Assigned task :: Only an exact copy is wanted: the lines from the one holding "Diese schmalen Zügel" through the last line below, minus the pictures.

Collected material ::
■ ■ ■ ■ ■

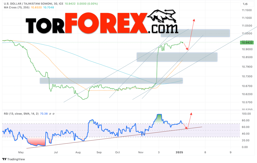 Дополнительным сигналом в пользу роста валютной пары USD/TJS 8 января 2025 выступит отбой от восходящей линии тренда на индикаторе относительной силы (RSI). Вторым сигналом станет отбой от нижней границы бычьего канала. Отменой варианта роста пары USD/TJS станет падение котировок и пробой уровня 10.8545 Сомони за Доллар. Это укажет на пробой области поддержки и продолжение падения пары Доллар Таджикский Сомони в область ниже уровня 10.7765. Подтверждением росту пары выступит пробой области сопротивления и закрытие котировок актива над уровнем 10.9665.
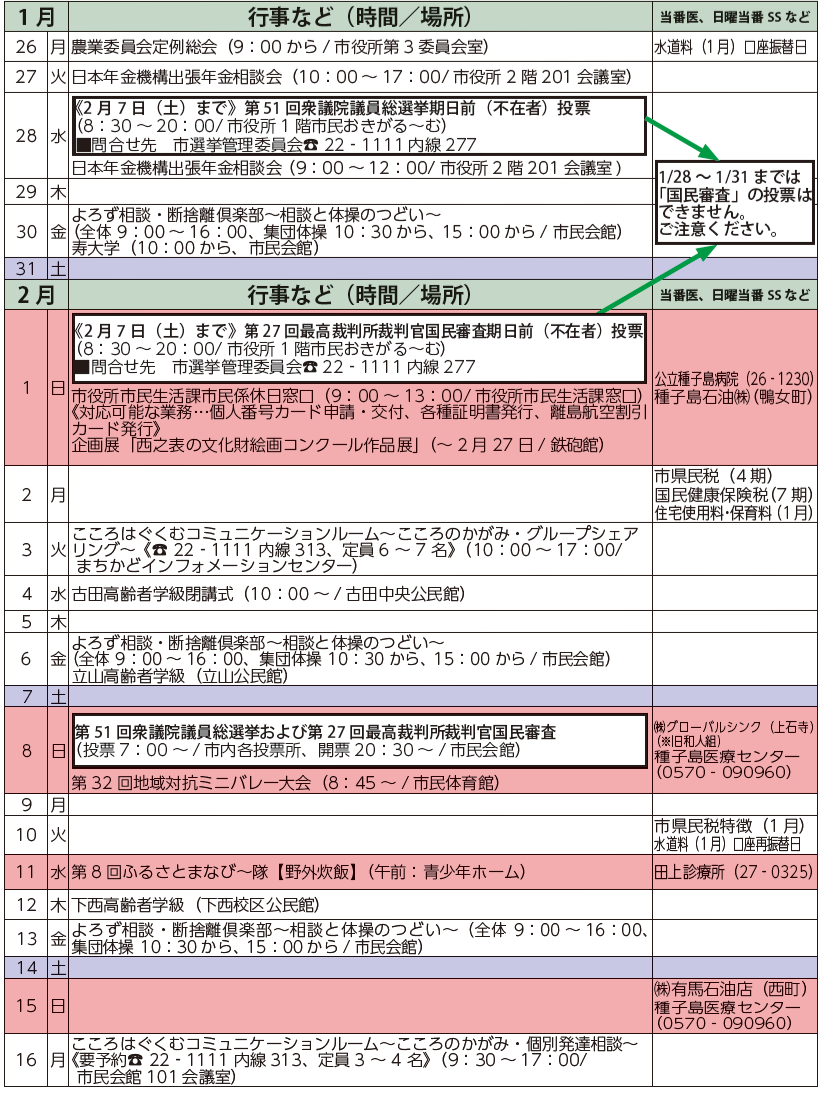 イベント 1月行事など(時間/場所)当番医、日曜当番SSなど 1/5 次の記事 発行日 : 2026年01月25日 自治体名 : 鹿児島県西之表市 広報紙名 : 広報にしのおもて 市政の窓 お知らせ版 令和8年1月25日号 Tweet シェアする お知らせ
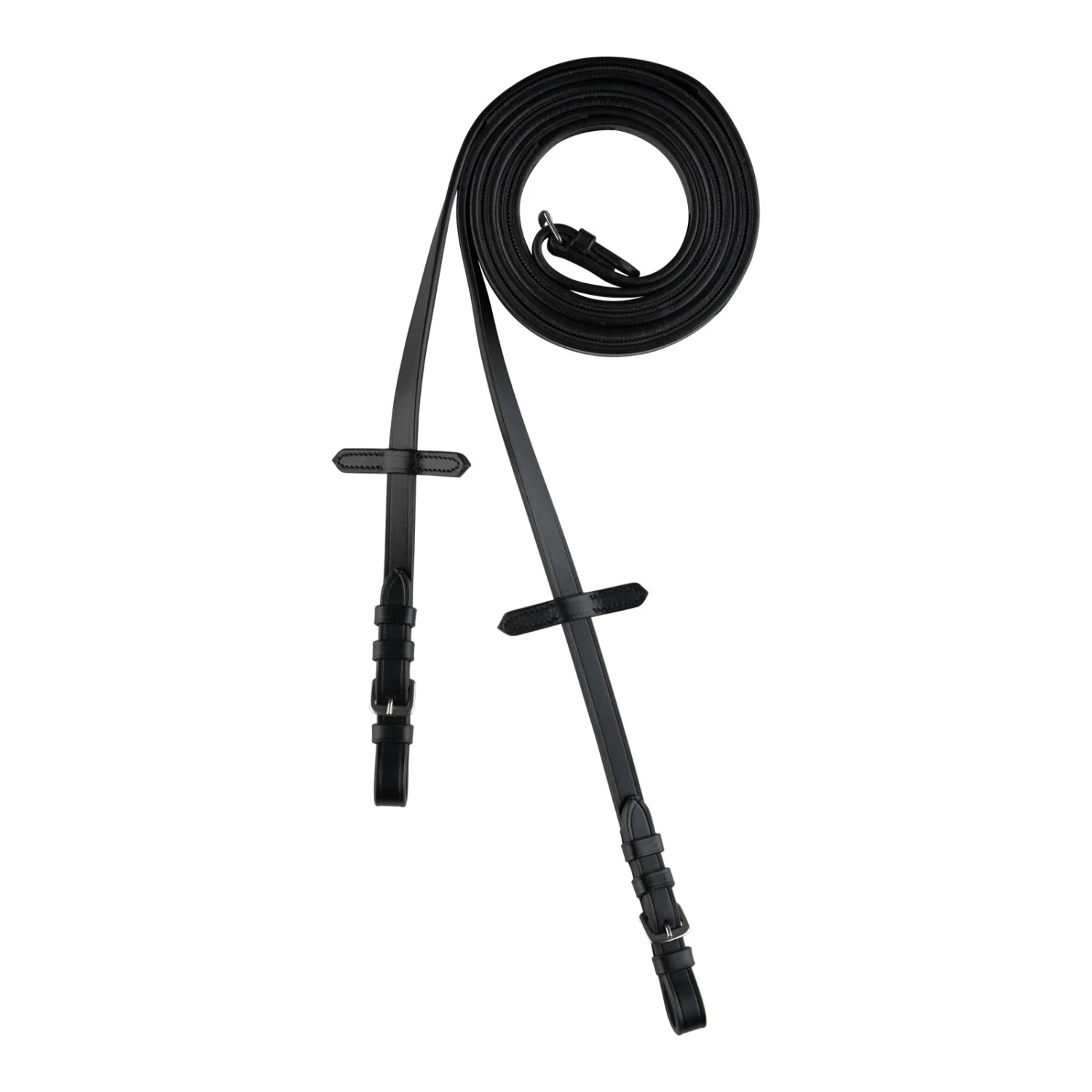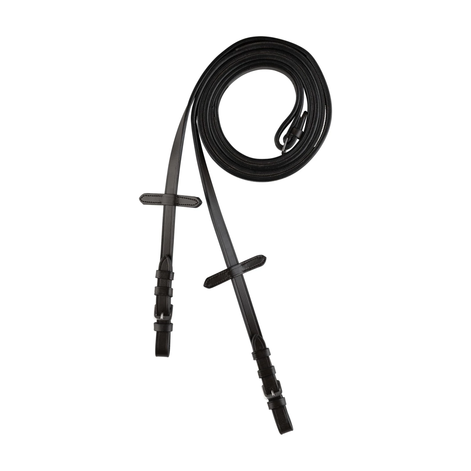 Diese schmalen Zügel bestehen aus Leder mit Gummi auf der Innenseite, das für einen sicheren Halt und einfaches Säubern sorgt. Die rostfreien Stahlschnallen sind robust und leicht an jeder Trense zu befestigen.
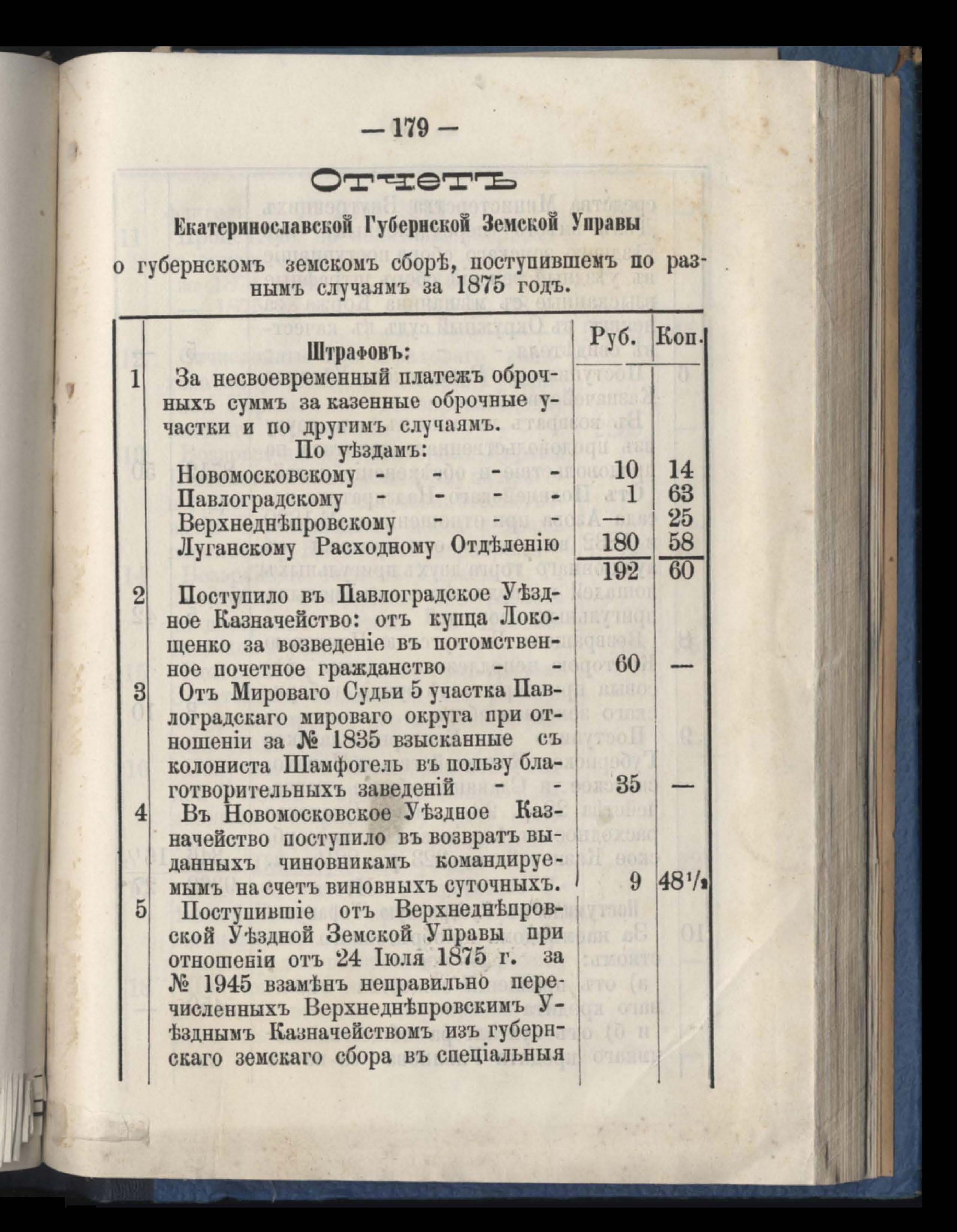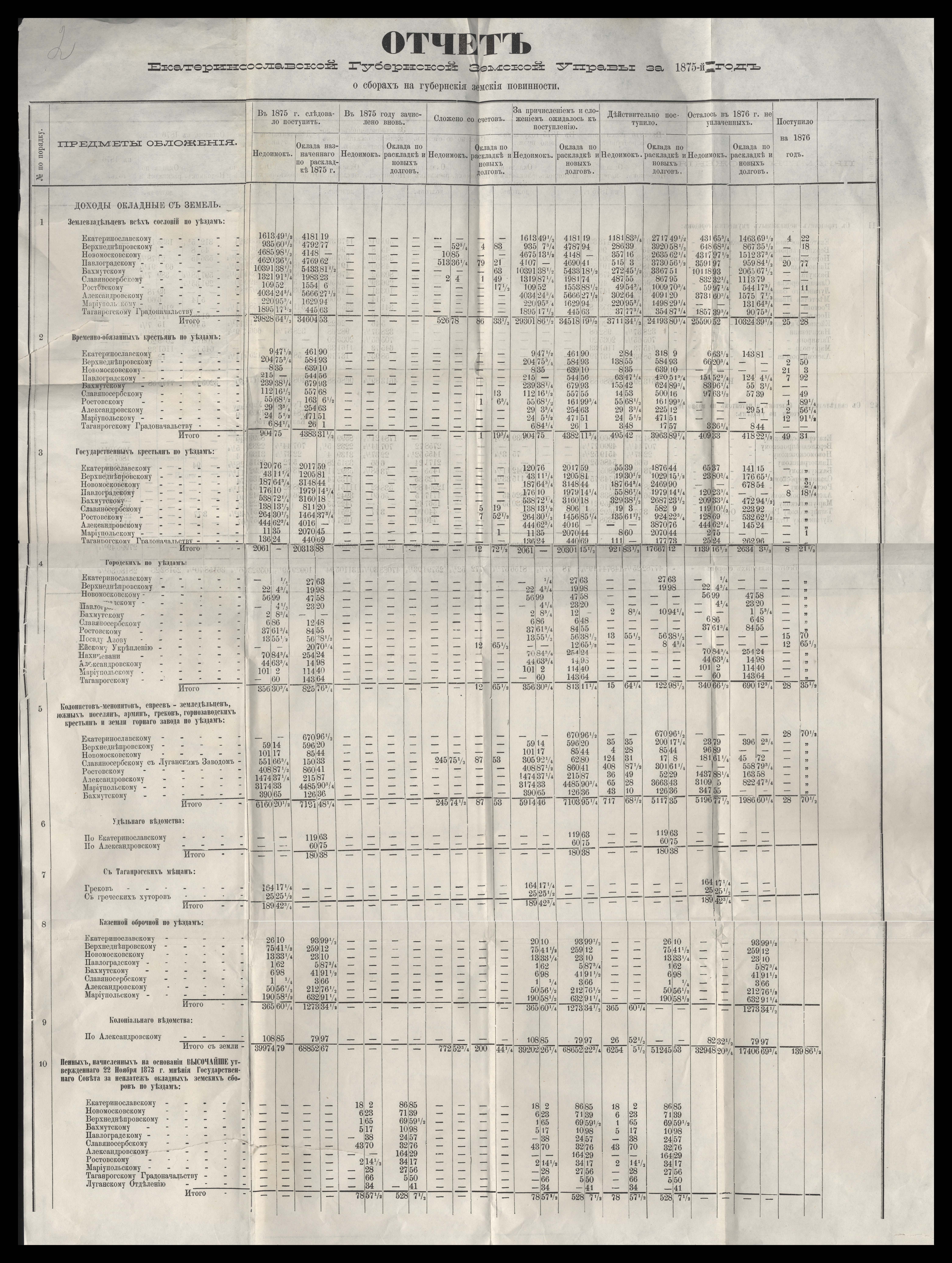 Отчетъ Екатеринославской Губернской Земской Управы о губернскомъ сборъ, поступившемъ по разнымъ случаямъ за 1875 годъ

■ ■ ■ ■ ■

Your response ::
 Diese schmalen Zügel bestehen aus Leder mit Gummi auf der Innenseite, das für einen sicheren Halt und einfaches Säubern sorgt. Die rostfreien Stahlschnallen sind robust und leicht an jeder Trense zu befestigen.
 Отчетъ Екатеринославской Губернской Земской Управы о губернскомъ сборъ, поступившемъ по разнымъ случаямъ за 1875 годъ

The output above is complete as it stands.